Description Todd Brandt 2024-10-03 10:17:18 UTC
We have two amber lake machines in our lab that have started hanging on freeze in 6.12-rc1. I've bisected to this commit:

commit e86c8186d03a6ba018e881ed45f0962ad553e861 (refs/bisect/bad)
Author: Marek Maslanka <mmaslanka@google.com>
Date:   Mon Aug 12 18:42:00 2024 +0000

    platform/x86:intel/pmc: Enable the ACPI PM Timer to be turned off when suspended

    Allow to disable ACPI PM Timer on suspend and enable on resume. A
    disabled timer helps optimise power consumption when the system is
    suspended. On resume the timer is only reactivated if it was activated
    prior to suspend, so unless the ACPI PM timer is enabled in the BIOS,
    this won't change anything.

    The ACPI PM timer is used by Intel's iTCO/wdat_wdt watchdog to drive the
    watchdog, so it doesn't need to run during suspend.

    Signed-off-by: Marek Maslanka <mmaslanka@google.com>
    Reviewed-by: Hans de Goede <hdegoede@redhat.com>
    Link: https://lore.kernel.org/r/20240812184208.1080710-1-mmaslanka@google.com
    Signed-off-by: Daniel Lezcano <daniel.lezcano@linaro.org>

I understand there may already be a potential fix in the pipeline but I'd like to track this issue here.
Comment 1 Todd Brandt 2024-10-03 10:47:20 UTC
oh, one further note, this bug affects all 3 power modes: freeze, mem, and disk. So it's not limited to freeze. All three modes hang.
Comment 2 Hans de Goede 2024-10-03 11:02:28 UTC
Thank you for reporting this, there is a potential fix for this here:

https://patchwork.kernel.org/project/platform-driver-x86/patch/20240919165349.235777-1-hdegoede@redhat.com/

Which I plan to merge soon, this should at least fix the mem case, but I'm not sure if it will help with the others.

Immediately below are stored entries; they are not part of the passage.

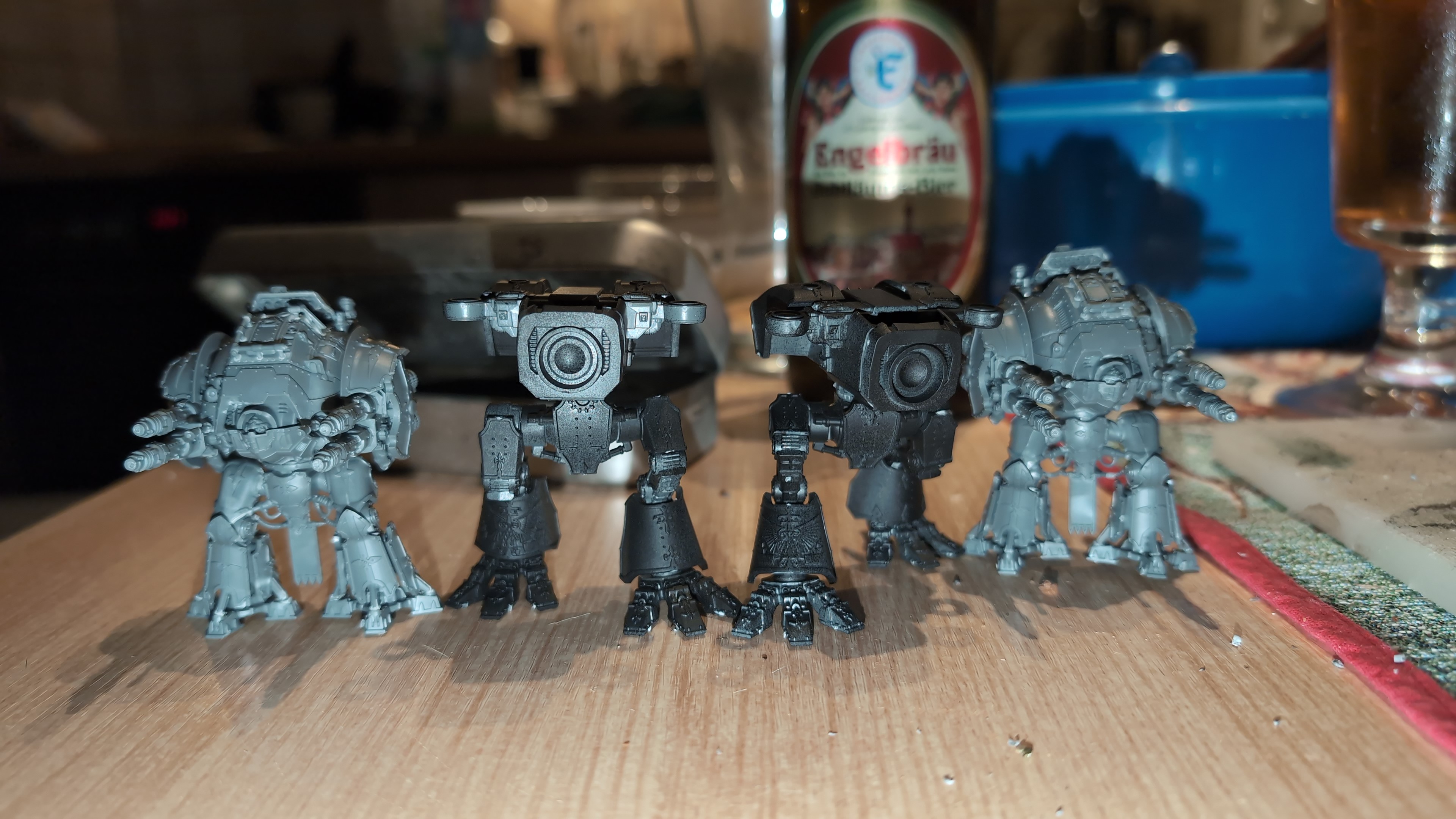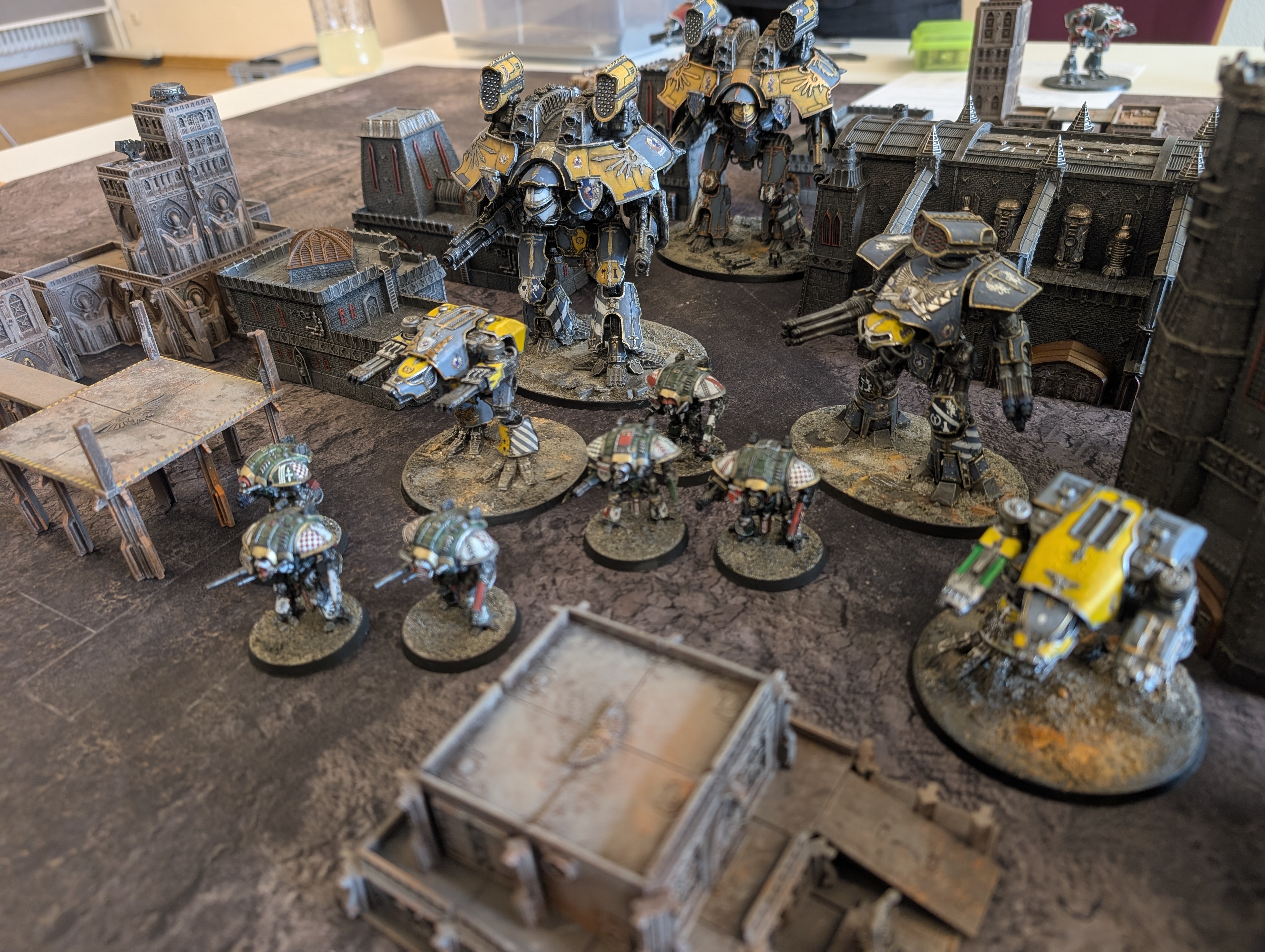 Am Sonntag-Nachmittag durfte die Legion mal zu Spaziergang an die frische Luft. Ein Einführungsspiel mit 3 Titanen. Hat echt Spaß gemacht, tolles regelwerke. Ein bisschen Battlefleet Gothic meets battletech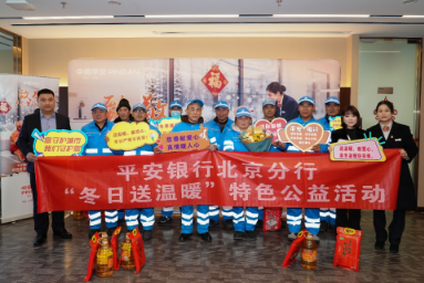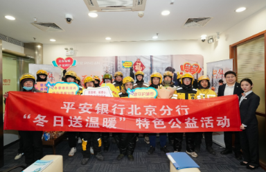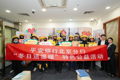 近日,北京寒意正浓,气温持续走低。为积极践行社会责任、传递金融温度,平安银行北京分行组织开展“冬日送温暖”特色公益活动,在支行网点为环卫工人、外卖骑手等户外工作者送上冬日的关怀与问候。
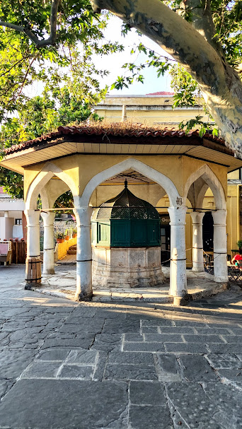 Rodos eski kentine Elefhteras (zafer) kapısından girdim ve kentin ana omurgasını teşkil eden Doğu- Batı yönünde uzanan Sokratus sokağına ulaştım. Sağa, yani batı yönüne döndüm ve hafif bir yokuş bölümü olan bu sokağın sol tarafında Mehmet Ağa Camii ile karşılaştım. Eski kentin içindeki ve çevresindeki bütün camiler ibadete kapalı. Bu nedenle camide olduğu gibi diğer camilerin de içine giremedim. Mimarisi klasik camilerden biraz farklı, Mehmet Ağa Camiinin. Kare planlı. Kubbe yerine beşik çatıyla örtülmüş. Cami kemerli bir arkadın üzerinde yükseliyor. Altında dükkânlar var. Cami katına dışarıdan demir korkuluklu bir merdivenle çıkılıyor. Kırmızı renkli duvarlara sahip. Dikdörtgen şeklindeki pencerelerin üzerine sivri kemerli ikinci pencereler yerleştirilmiş. Ahşaptan, çokgen ve kapalı şerefeye sahip, kısa bir minaresi var. Görünümü, Arap mimarisini andırıyor. 1856 yılındaki depremde ve II. Dünya savaşında zarar görmüş. 2004 yılında restore edilmiş. Caminin önünde ve sokak üstünde, mermerden yapılmış cephesi, gömülü sütunlarla üç bölüme ayrılmış, her bir bölüm üç sivri kemerle süslenmiş ve bu alanların üzerinde sarı renkli pirinçten üç filike (musluk) bulunan bir çeşme yer alıyor. Sağ filike hariç, diğer ikisi çalışmıyor. Çeşmenin bütününü kapsayan, dar ve uzun bir yalak da çeşmenin bir parçası. Bu çeşme, namaz kılmak için gelenlerin abdest aldığı yer olduğu kadar, sokaktan geçenlerin de su içtiği bir yer.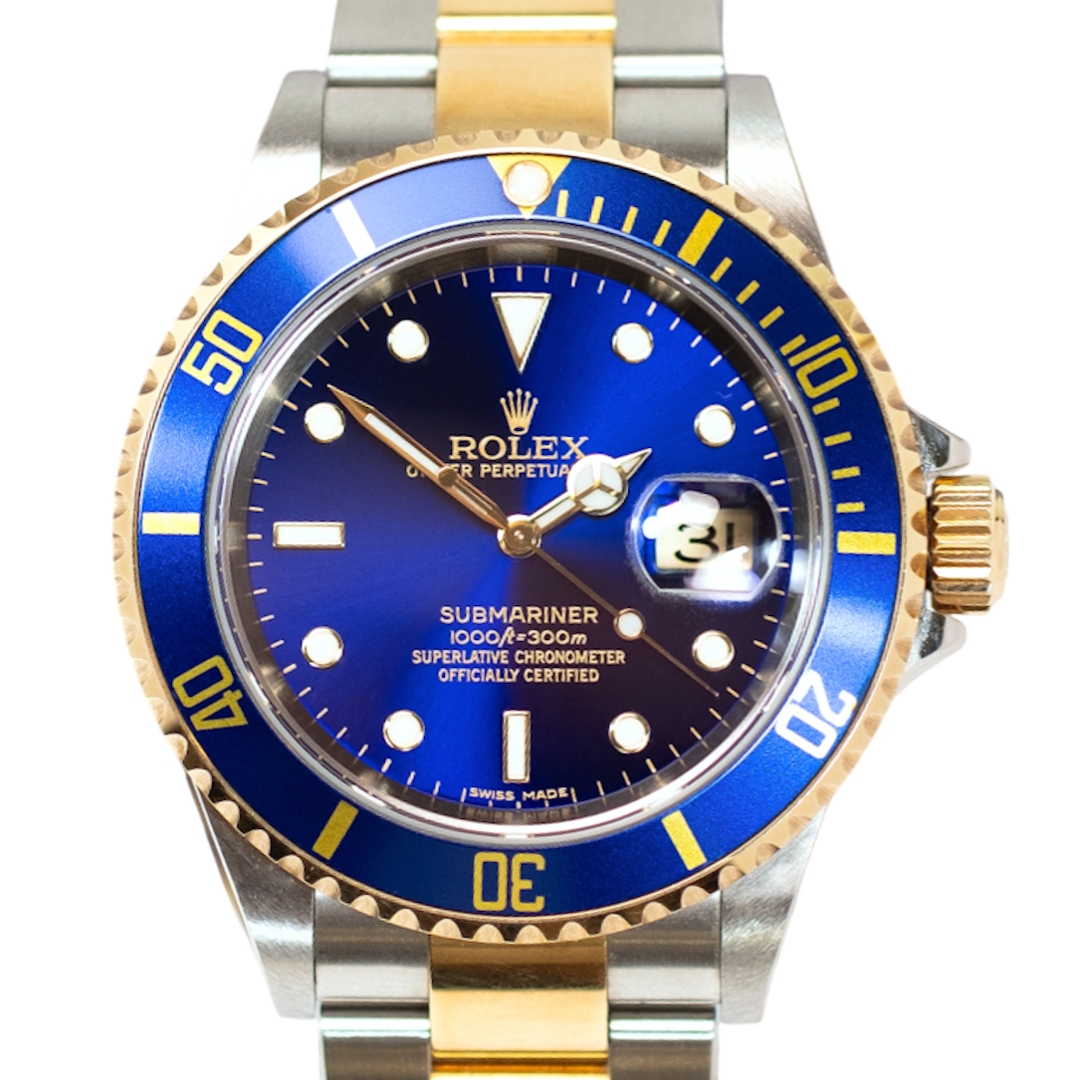 A Rolex Submariner 16613, crafted in striking bi-metal Stainless Steel and 18ct Yellow Gold, complete with its signature blue bezel and matching sunburst blue dial. This combination has become one of Rolex's most iconic and recognisable designs. This 2000 model embodies the perfect balance between sportiness and luxury, making it a standout choice for both collectors and enthusiasts alike.

Maybe instead of not doing the ACPI PM Timer disable when using S3 suspend we need to just not do it at all on Kaby / Amber Lake ?
Comment 3 Todd Brandt 2024-10-03 11:46:49 UTC
I will do a build with your patch and try it, also please note that this issue causes a full hang, pressing the keyboard immediately after S2idle, S3, or S4 doesn't bring it back.
Comment 4 Todd Brandt 2024-10-03 12:50:24 UTC
ok I just tested with your patch, it fixed S3, but S2idle and S4 are still broken and still hang the system. The only difference is when S2idle or S4 hang the system will display this on the screen:

[ OK ] Started Show Plymouth Boot Screen
[ OK ] Started Forward Password R#s to Plymouth Directory Watch.plymouth-start.service
[ OK ] Reached target Local Encrypted Volumes.
systemd-journal-flush.service
[ OK ] Finished Flush Journal to Persistent Storange
[ OK ] Created slice Slice /system/systemd-backlight
       Starting Load/Save Screen #f backlight:intel_backlight...
[ OK ] Finished Load/Save Screen # of backlight:intel_backlight.
systemd-backlight@backlight:intel_backlight.service

And it hangs, doesn't respond to any keypresses, it just sits there. So in short the only two changes are:
1) fixes S3
2) leave S2idle and S4 broken but displays a weird status on the screen on hang

So this is clearly affecting more than just S3, that timer has some purpose in Amber Lake that breaks when the timer is shut down.
Comment 5 Todd Brandt 2024-10-03 13:11:40 UTC
And yea if just disabling this fix completely for kabylake and amberlake is what it takes that's fine. These are older systems. Perhaps in the future we can figure out what the issue is and re-enable it for these two platforms.
Comment 6 Hans de Goede 2024-10-03 20:29:22 UTC
Thank you for testing my original patch.

I have now submitted a patch which outright disables the ACPI PM timer disabling on any systems with a Sunrise or Union Point PCH:

https://lore.kernel.org/platform-driver-x86/20241003202614.17181-1-hdegoede@redhat.com/

Please give this a test and let me know if it fixes things.

Once I have confirmation that this patch works better I'll send it on its way to Linus.
Comment 7 Todd Brandt 2024-10-03 22:47:42 UTC
building it now, I'll have it tested in an hour or so, thanks.
Comment 8 Todd Brandt 2024-10-03 23:59:16 UTC
ok I did a full stress run of S2idle, S3, and S4 and all 3 work just fine on both our AML machines. Looks like it works. Thanks. Go ahead and add me as Tested-By.
Comment 9 Hans de Goede 2024-10-06 11:09:10 UTC
Thank you for testing, the fix is part of this fixes pull-request which I just send to Linus: https://lore.kernel.org/platform-driver-x86/280a792b-ec54-419d-8cca-17b020a38d3f@redhat.com/